Host Crash With NVMe Passthrough

dizzydre21

Member
Apr 10, 2023
82
4
13
Hi folks,

I am having an issue with my host machine crashing whenever I try to pass through 4 NVMe SSDs. All four of them are WD CL SN720 model drives.

I'm on an Asrock Romed8-2t Epyc Milan based motherboard, and the NVMes are all in separate IOMMU groups, with the slot they are in bifurcated x4x4x4x4. This is running Proxmox 9.

I have the problematic NVMe drives in the second PCIe slot from the CPU. I have four U.2 SSDs in the first slot that are also being passed through, but the U.2 drives work without issue. I need them all passed through because it's for a TrueNAS VM.

Can anyone point me in the right direction? I'm on mobile currently, but I'm happy to provide logs and additional detail when I can SSH into the machine.
 
Last edited:
  • Like
Reactions: trrc_cdeliens
I have some additional details if there is anyone who might be able to help.

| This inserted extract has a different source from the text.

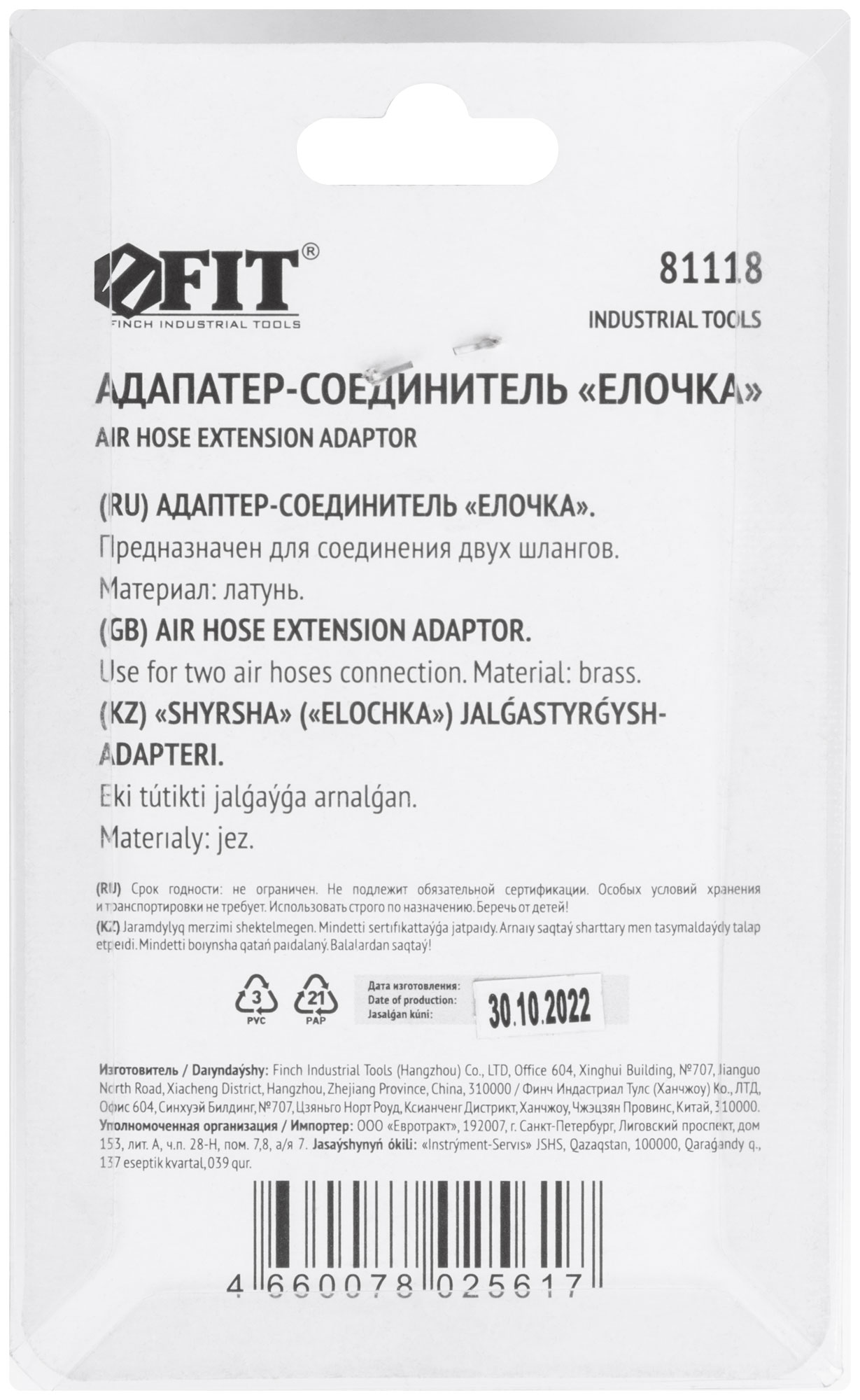 Выберите адаптеры-соединители от FIT 81118, чтобы обеспечить надежное соединение в ваших пневмосистемах.

I have a soft dep set up and VFIO is the driver used for all of the m.2 drives that I want to pass through. The host will crash whether NVMe or VFIO is the driver, though.

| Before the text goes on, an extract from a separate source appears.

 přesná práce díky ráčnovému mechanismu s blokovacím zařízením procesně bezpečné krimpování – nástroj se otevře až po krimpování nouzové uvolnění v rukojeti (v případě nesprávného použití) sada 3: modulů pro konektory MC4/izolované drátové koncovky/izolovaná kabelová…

I tried the four m.2 NVMe drives in the top slot, where I had the four U.2 drives working with passthrough. The crashes still occurred. I then tried just passing through one m.2 drive at a time and the host still crashed. I also tried one of the m.2 drives in the first embedded m.2 slot on the motherboard. The host would still crash.

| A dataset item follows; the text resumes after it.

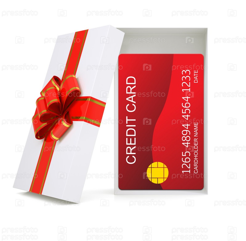 Кредитных карт в подарочной коробке на белом

Does anyone have suggestions on where to look?
 
Hi! I have the same issue :/ Host crashing when I start a VM having the NVMe passed through as a PCI device.

I'm trying to passthrough the NVMe PCI device with:
Code:
qm set 100 -hostpci0 0001:ae:00.0,pcie=1,rombar=0

I can see the NVMe drive is loaded with vfio-pci kernel driver, and I have iommu=on in my kernel boot options.

@dizzydre21 could you work around the issue in the meantime?
 
Hi! I have the same issue :/ Host crashing when I start a VM having the NVMe passed through as a PCI device.

I'm trying to passthrough the NVMe PCI device with:
Code:
qm set 100 -hostpci0 0001:ae:00.0,pcie=1,rombar=0

I can see the NVMe drive is loaded with vfio-pci kernel driver, and I have iommu=on in my kernel boot options.

@dizzydre21 could you work around the issue in the meantime?
I never got it to work with the WD drives. I ended up purchasing some Intel U.2 drives and they work flawlessly in the same PCIe slot. I didn't even need to pre-load VFIO for them.
 
  • Like
Reactions: trrc_cdeliens
Thanks for your quick reply. Here I'm on (factory installed) Dell DC NVMe ISE PE8110 RI U.2 960GB on a Dell R670 Server.

It's interesting to read that they might be the cause of the crashes! I never considered the drive to be the issue. I'll look into that.
 
Thanks for your quick reply. Here I'm on (factory installed) Dell DC NVMe ISE PE8110 RI U.2 960GB on a Dell R670 Server.

It's interesting to read that they might be the cause of the crashes! I never considered the drive to be the issue. I'll look into that.
FWIW, I've used the WD drives in other machines and they have been fine for normal use (ZFS Mirror).It seems like some drives just don't like VFIO or something. Maybe it's a drive firmware thing.